▶ Action item:
Your answer must be only the lines below from the one containing "省法院副厅级审判员、政治部副" through the one containing "черный — Характеристики", copied exactly, with the pictures left out.

▶ Data provided:
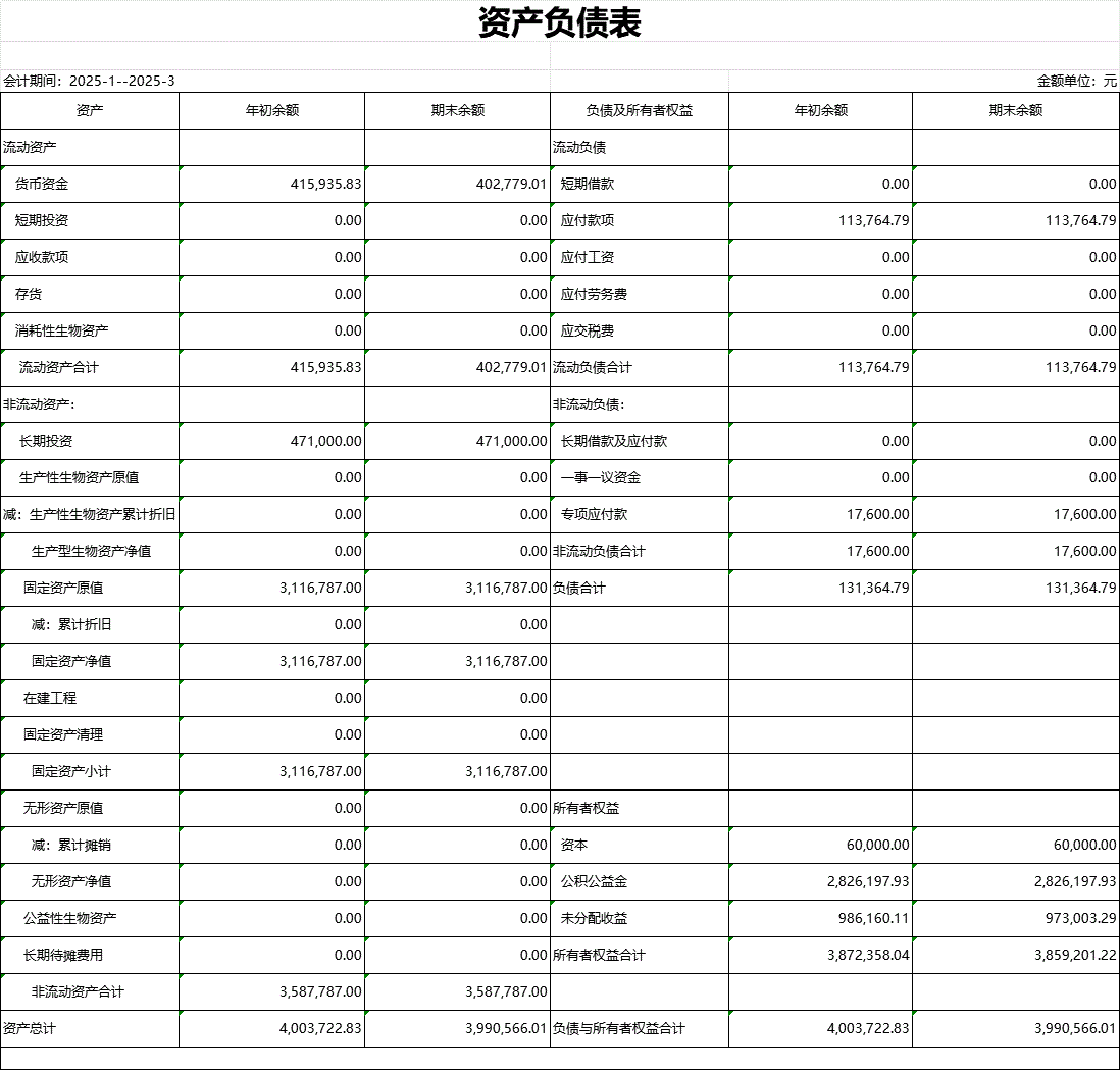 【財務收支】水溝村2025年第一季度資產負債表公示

---

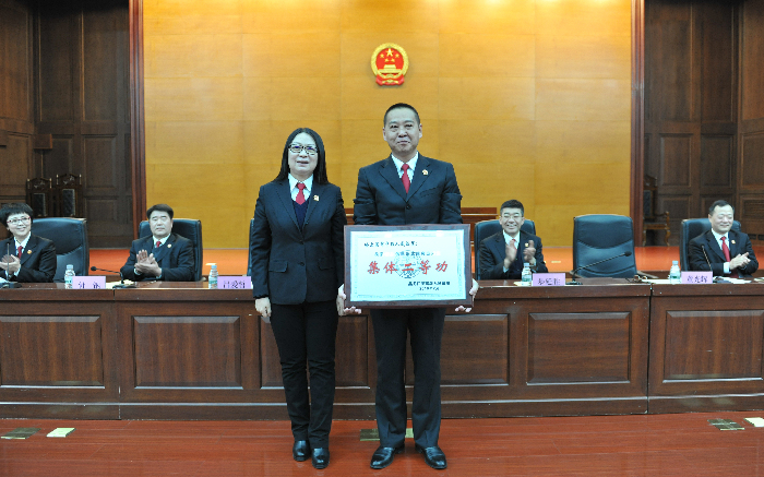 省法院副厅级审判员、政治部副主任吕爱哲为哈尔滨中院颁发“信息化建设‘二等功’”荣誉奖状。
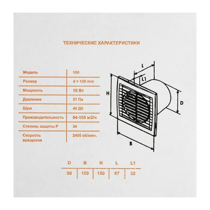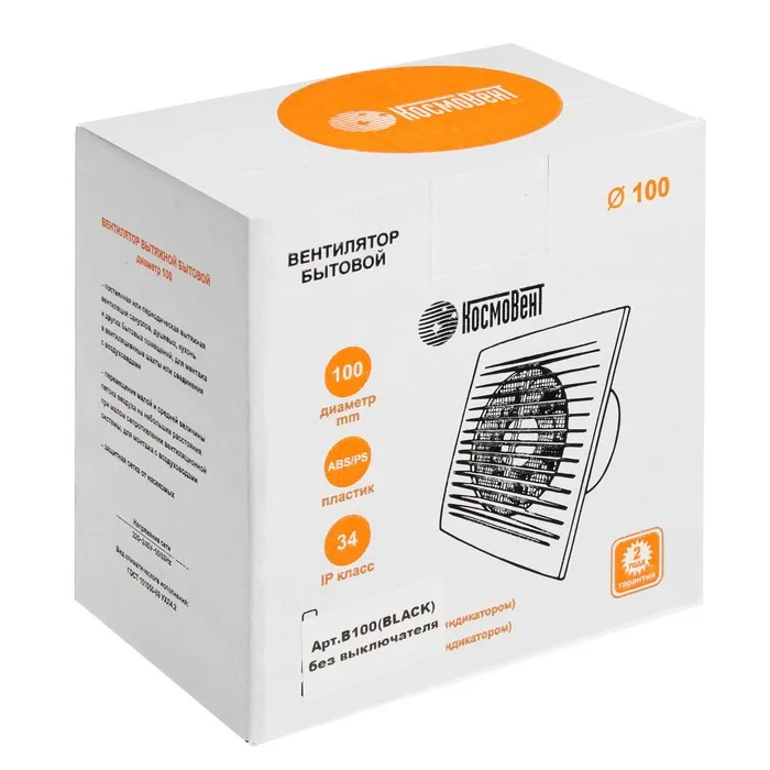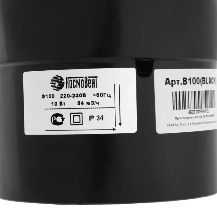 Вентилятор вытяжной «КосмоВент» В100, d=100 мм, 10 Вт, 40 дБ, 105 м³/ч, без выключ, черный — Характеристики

▶ Response area:
 省法院副厅级审判员、政治部副主任吕爱哲为哈尔滨中院颁发“信息化建设‘二等功’”荣誉奖状。
 Вентилятор вытяжной «КосмоВент» В100, d=100 мм, 10 Вт, 40 дБ, 105 м³/ч, без выключ, черный — Характеристики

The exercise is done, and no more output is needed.